» **Prompt**:
Using the data below, print exactly the line with "Amuseable Birthday Cake", the line with "Reacting to his", and every line between them, but none of the pictures.

» **Recorded data**:
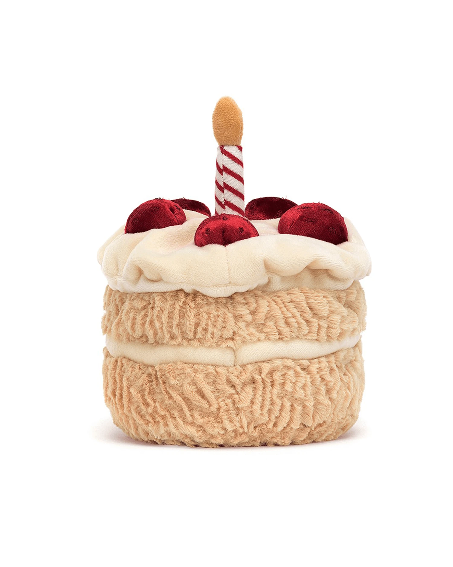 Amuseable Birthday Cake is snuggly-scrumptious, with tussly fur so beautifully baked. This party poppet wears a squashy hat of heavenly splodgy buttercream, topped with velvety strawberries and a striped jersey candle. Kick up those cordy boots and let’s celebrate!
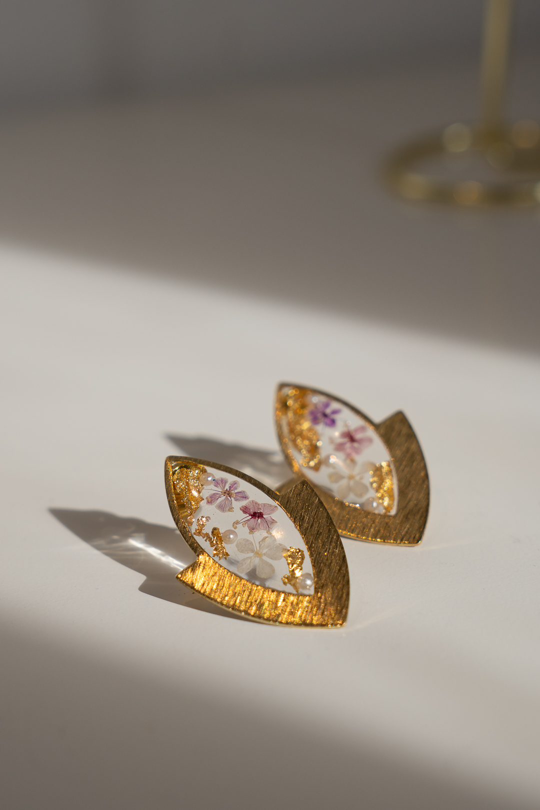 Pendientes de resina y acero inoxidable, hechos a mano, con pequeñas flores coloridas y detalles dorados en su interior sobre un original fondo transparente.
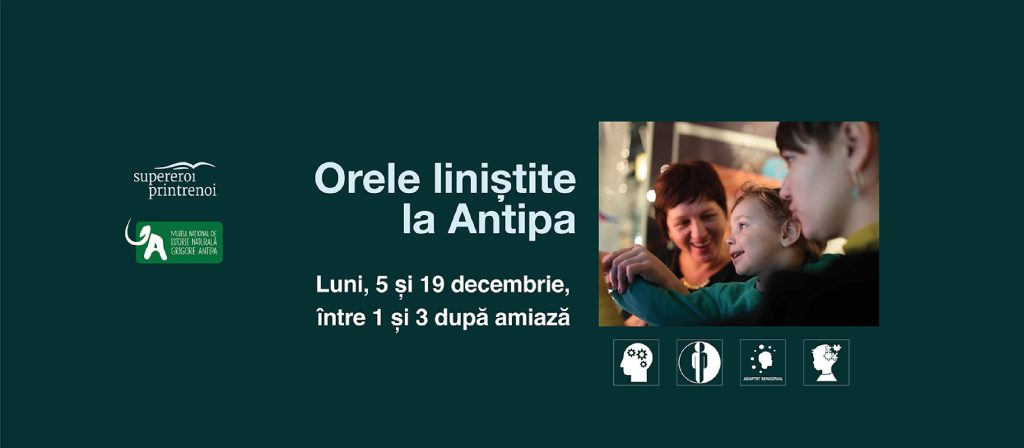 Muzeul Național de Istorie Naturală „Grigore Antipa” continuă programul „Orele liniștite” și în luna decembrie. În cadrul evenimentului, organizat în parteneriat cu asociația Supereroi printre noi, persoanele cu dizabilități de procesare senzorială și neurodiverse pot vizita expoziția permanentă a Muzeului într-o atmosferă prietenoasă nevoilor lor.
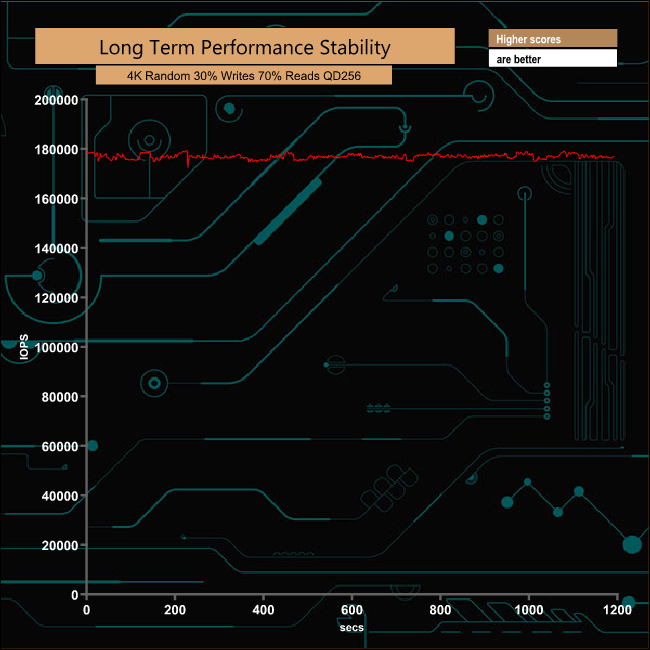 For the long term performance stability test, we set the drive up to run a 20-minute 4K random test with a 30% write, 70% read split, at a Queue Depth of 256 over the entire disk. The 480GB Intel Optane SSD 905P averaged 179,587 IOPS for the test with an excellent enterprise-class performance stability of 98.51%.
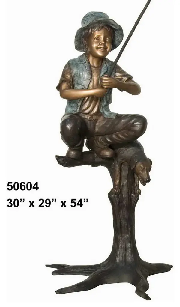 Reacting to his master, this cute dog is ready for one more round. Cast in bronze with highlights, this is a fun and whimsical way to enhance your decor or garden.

...

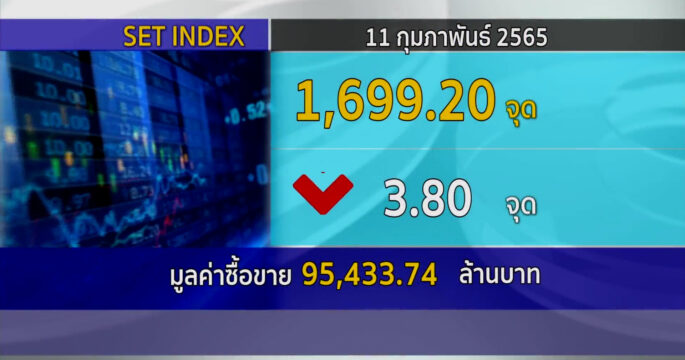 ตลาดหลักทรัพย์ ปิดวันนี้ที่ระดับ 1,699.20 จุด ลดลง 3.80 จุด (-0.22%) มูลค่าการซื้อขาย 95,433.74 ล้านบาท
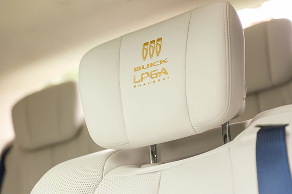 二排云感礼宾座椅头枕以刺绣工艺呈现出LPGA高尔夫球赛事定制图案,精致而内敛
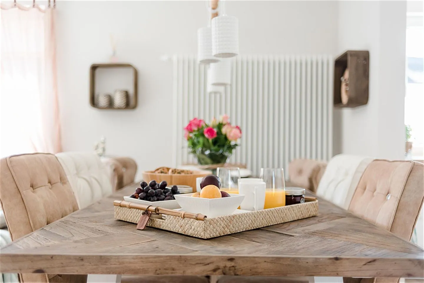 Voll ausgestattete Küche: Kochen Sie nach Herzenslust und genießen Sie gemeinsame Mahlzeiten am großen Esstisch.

» **Output below**:
 Amuseable Birthday Cake is snuggly-scrumptious, with tussly fur so beautifully baked. This party poppet wears a squashy hat of heavenly splodgy buttercream, topped with velvety strawberries and a striped jersey candle. Kick up those cordy boots and let’s celebrate!
 Pendientes de resina y acero inoxidable, hechos a mano, con pequeñas flores coloridas y detalles dorados en su interior sobre un original fondo transparente.
 Muzeul Național de Istorie Naturală „Grigore Antipa” continuă programul „Orele liniștite” și în luna decembrie. În cadrul evenimentului, organizat în parteneriat cu asociația Supereroi printre noi, persoanele cu dizabilități de procesare senzorială și neurodiverse pot vizita expoziția permanentă a Muzeului într-o atmosferă prietenoasă nevoilor lor.
 For the long term performance stability test, we set the drive up to run a 20-minute 4K random test with a 30% write, 70% read split, at a Queue Depth of 256 over the entire disk. The 480GB Intel Optane SSD 905P averaged 179,587 IOPS for the test with an excellent enterprise-class performance stability of 98.51%.
 Reacting to his master, this cute dog is ready for one more round. Cast in bronze with highlights, this is a fun and whimsical way to enhance your decor or garden.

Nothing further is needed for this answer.